Last week U.S. Secretary of State Condoleezza Rice described the fight against the forced sex trade the "great moral calling of our time," as young women, kidnapped or lured with false job offers from Ukraine, Hungary and Poland are forced to perform sex acts for pay against their will.

Rep. Chris Smith, R-N.J., long known for his pro-life stance, held a hearing last week in which he noted that the German government facilitated the prostitution rings, run by the criminal underworld, when it legalized the sex trade in 2002. Smith noted that at the World Cup, sex entrepreneurs have set up temporary wooden cabins on the streets of Berlin, called "performance boxes," where the soccer fans are cavorting with prostitutes, some as young as 14.

Sites on the Internet advertise even more elaborate brothels, including the storied four-story "Artemis," located near the Olympic Stadium, which Worldcupweb.com describes as "ready for the hordes of mostly male soccer fans from around the world who are flooding the city."

Fans reportedly pay $90 for access to an array of 50 prostitutes, who are "outfitted with thong bikinis with a soccer ball motif," the Web site said.

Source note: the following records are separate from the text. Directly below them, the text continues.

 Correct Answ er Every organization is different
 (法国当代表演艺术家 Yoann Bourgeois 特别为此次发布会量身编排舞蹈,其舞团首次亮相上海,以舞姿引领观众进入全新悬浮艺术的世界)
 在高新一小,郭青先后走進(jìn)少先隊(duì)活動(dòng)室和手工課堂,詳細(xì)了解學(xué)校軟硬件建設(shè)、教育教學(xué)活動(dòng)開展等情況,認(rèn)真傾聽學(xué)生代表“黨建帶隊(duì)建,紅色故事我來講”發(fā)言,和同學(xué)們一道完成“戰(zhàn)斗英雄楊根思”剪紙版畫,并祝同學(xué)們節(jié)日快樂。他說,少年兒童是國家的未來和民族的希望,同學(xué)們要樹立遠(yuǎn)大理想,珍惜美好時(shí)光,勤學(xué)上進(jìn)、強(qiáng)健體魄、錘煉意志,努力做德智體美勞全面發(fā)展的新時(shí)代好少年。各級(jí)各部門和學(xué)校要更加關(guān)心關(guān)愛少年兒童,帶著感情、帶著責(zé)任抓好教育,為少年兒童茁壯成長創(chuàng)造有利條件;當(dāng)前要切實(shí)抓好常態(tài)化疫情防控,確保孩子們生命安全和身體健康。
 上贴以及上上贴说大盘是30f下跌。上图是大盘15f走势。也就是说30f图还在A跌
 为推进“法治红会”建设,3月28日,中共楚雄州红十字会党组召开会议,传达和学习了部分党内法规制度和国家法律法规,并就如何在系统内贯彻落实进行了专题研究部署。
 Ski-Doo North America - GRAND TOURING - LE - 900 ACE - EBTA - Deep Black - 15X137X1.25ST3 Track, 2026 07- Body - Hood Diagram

Rather than show porn videos to stimulate the men, however, the movie screens in the bordello are displaying the latest soccer matches.

"If you Google the term 'World Cup prostitution,' you will return hundreds of hits," said Austen Ruse, president of the Catholic Family and Human Rights Institute, a non-governmental organization with offices in Washington and New York. "There is a lot of outrage over this. The U.S. has complained to Germany. There was a hearing in the U.S. House last week."

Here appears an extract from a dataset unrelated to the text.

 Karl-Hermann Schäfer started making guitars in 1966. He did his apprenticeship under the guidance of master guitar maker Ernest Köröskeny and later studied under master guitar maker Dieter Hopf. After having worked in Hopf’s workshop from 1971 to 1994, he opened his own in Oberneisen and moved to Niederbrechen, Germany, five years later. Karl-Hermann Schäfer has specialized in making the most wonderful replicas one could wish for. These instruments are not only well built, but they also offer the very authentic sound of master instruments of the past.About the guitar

Ruse's organization, founded in 1997, is also fueling the fury against the exploitative practices allowed by the German government. At www.c-fam.org, the NGO has posted a petition for concerned folks to add their names to in order to protest the German policy. "We've had 20,000 signatures so far," Ruse said in an interview with The Web Tuesday. "The Internet is quite an echo chamber. It has quite a ripple effect."

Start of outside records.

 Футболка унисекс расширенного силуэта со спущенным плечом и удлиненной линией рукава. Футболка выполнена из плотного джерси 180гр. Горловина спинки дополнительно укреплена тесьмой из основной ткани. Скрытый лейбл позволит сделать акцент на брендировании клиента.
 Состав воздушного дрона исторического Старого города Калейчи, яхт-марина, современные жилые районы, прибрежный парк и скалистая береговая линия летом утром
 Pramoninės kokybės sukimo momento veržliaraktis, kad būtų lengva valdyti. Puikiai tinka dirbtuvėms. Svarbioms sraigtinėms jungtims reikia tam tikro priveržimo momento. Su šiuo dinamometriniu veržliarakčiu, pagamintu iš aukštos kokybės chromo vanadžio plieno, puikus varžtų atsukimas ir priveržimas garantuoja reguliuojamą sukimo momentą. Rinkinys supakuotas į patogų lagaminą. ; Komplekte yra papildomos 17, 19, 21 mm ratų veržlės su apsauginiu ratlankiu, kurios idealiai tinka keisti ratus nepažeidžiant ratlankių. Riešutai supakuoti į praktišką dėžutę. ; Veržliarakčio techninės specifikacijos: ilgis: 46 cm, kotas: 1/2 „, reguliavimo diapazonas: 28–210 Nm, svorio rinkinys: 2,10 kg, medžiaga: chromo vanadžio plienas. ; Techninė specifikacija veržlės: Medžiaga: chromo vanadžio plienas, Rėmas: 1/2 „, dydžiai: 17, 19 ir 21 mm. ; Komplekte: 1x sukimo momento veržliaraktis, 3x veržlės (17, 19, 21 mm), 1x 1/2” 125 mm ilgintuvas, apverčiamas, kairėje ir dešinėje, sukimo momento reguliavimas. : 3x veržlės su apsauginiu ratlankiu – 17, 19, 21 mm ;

After recently posting notice of its petition, the organization learned that protesters in London, reacting to the story of exploitation of underage girls, demonstrated outside the German embassy in London.

"We put out the petition to raise awareness of the issue," said Ruse. "We will probably call a halt to it in a few days. We will deliver the signatures to the German Embassy in Washington and at the U.N. on June 26" -- the day that is marked by the United Nations to protest illegal sex trafficking worldwide, Ruse noted.

In addition to the online petition, Ruse's group has sent out the message about the sex-trafficking scandal via e-mail, and organizations like the Roman Catholic Archdiocese of Chicago's Respect Life Office have been forwarding them around the world for inclusion in church bulletins and the like. "There is a young girl in Russia who is about to answer an ad for a waitress job in Berlin while the World Cup is going on," states the e-mail from the Catholic Family and Human Rights Institute, dated Wednesday, June 14, 2006. "When she arrives in Berlin, her 'employer' will beat her, steal her passport, chain her to a radiator in a dirty room, and force her into prostitution. We must do what we can to stop this outrage.

The Germans have tried to downplay the impact of forced prostitution on its legalized sex trade, and distributed a news release to reporters last week indicating that "there is no sound proof whatsoever that would corroborate any of the figures about thousands of women expected to be trafficked in Germany."

Human-rights group Amnesty International, however, has reported that violence and blackmail are indeed common tactics used against the young women, often from small towns or villages in rural parts of Eastern Europe. There may be as many as 40,000 women forced into sexual slavery during the four weeks of the World Cup, as there are not enough legal prostitutes to service the expected demand.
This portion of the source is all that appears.